Sprache ist das Hindernis
Doch oft reichten die Deutschkenntnisse der Flüchtlinge nicht, um etwa die Sicherheitsvorschriften eines Gabelstaplers richtig zu verstehen, sagt von der Hagen. Um Unfälle zu vermeiden, würde manche Firma dem Bewerber dann keinen Ausbildungsplatz anbieten.
Damit Unternehmen künftig mehr Flüchtlinge einstellen, fordert der Verband von der Politik Lösungen: Er schlägt einen „trialen“ Ausbildungsgang vor: Schule, Lehre plus Spracherwerb im Betrieb. Dafür müssten allerdings auch Sprachlehrer und Betreuer auf Kosten des Arbeitgebers eingestellt werden. Weil das zusätzliches Geld kostet, sollten die Kommunen beispielsweise 1000 Euro pro Flüchtling und Monat dazugeben und das etwa zwei Jahre lang, so der Vorschlag. Danach sollen die Unternehmen die Ausbildung zwei weitere Jahre alleine finanzieren.
Rechtliche Lage für Firmen zu unsicher
Auch die Bundesvereinigung der Deutschen Arbeitgeberverbände (BDA) fordert in einem aktuellen Positionspapier neue Ideen: Integrations- und Sprachkurse sollten auch für Asylbewerber mit guter Bleibeperspektive und für Geduldete ohne Arbeitsverbot eingeführt werden. Bisher gilt die verpflichtende Teilnahme nur für anerkannte Flüchtlinge und Asylberechtigte.
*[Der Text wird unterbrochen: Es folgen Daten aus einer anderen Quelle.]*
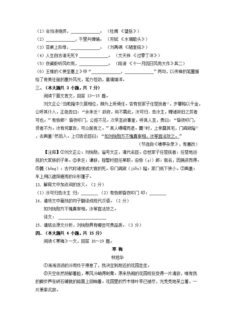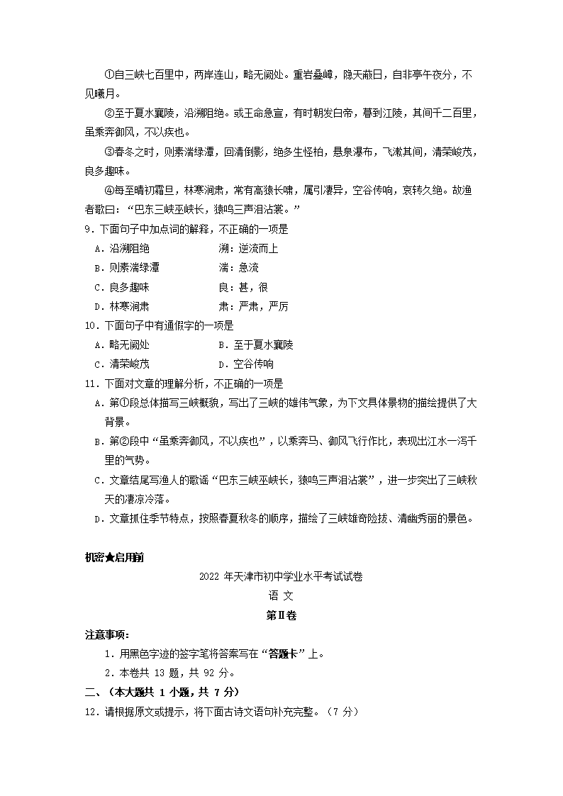 【文档预览】 无忧考网整理发布2022年天津大港区中考语文真题及答案(Word版),前五页预览如下: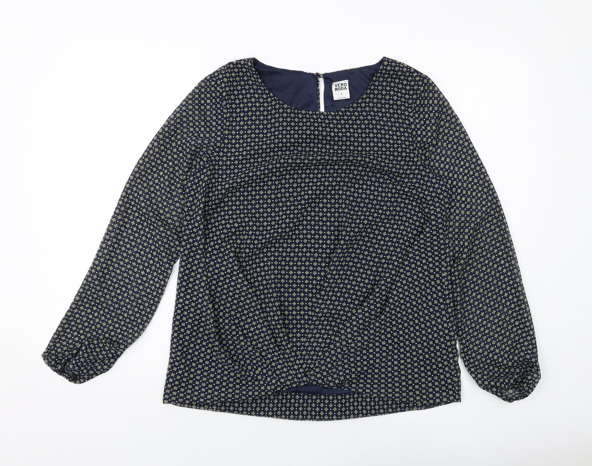 VERO MODA Womens Blue Geometric Polyester Basic Blouse Size M Round Neck

Neben den mangelnden Sprachkenntnissen der Flüchtlinge sei vielfach auch der noch ungeklärte rechtliche Status der Einwanderer ein Grund, weshalb Firmen davor zurückschrecken, Geflüchteten einen Job anzubieten, sagt eine Sprecherin der Initiative „Wir zusammen“. Die Firmen könnten nicht sicher sein, wie lange ihre Bewerber hier bleiben. Möglicherweise könnten dabei aber „verkürzte Ausbildungen“ eine Lösung sein.
Um beispielsweise einen syrischen Klempner auf den Stand der Dinge zu bringen, brauche er vielleicht nicht drei volle Lehrjahre, sondern es reiche eines. Bleibt die Frage, was deutsche Auszubildende davon halten würden. Gesprächsstoff jedenfalls gibt es im Kanzleramt reichlich.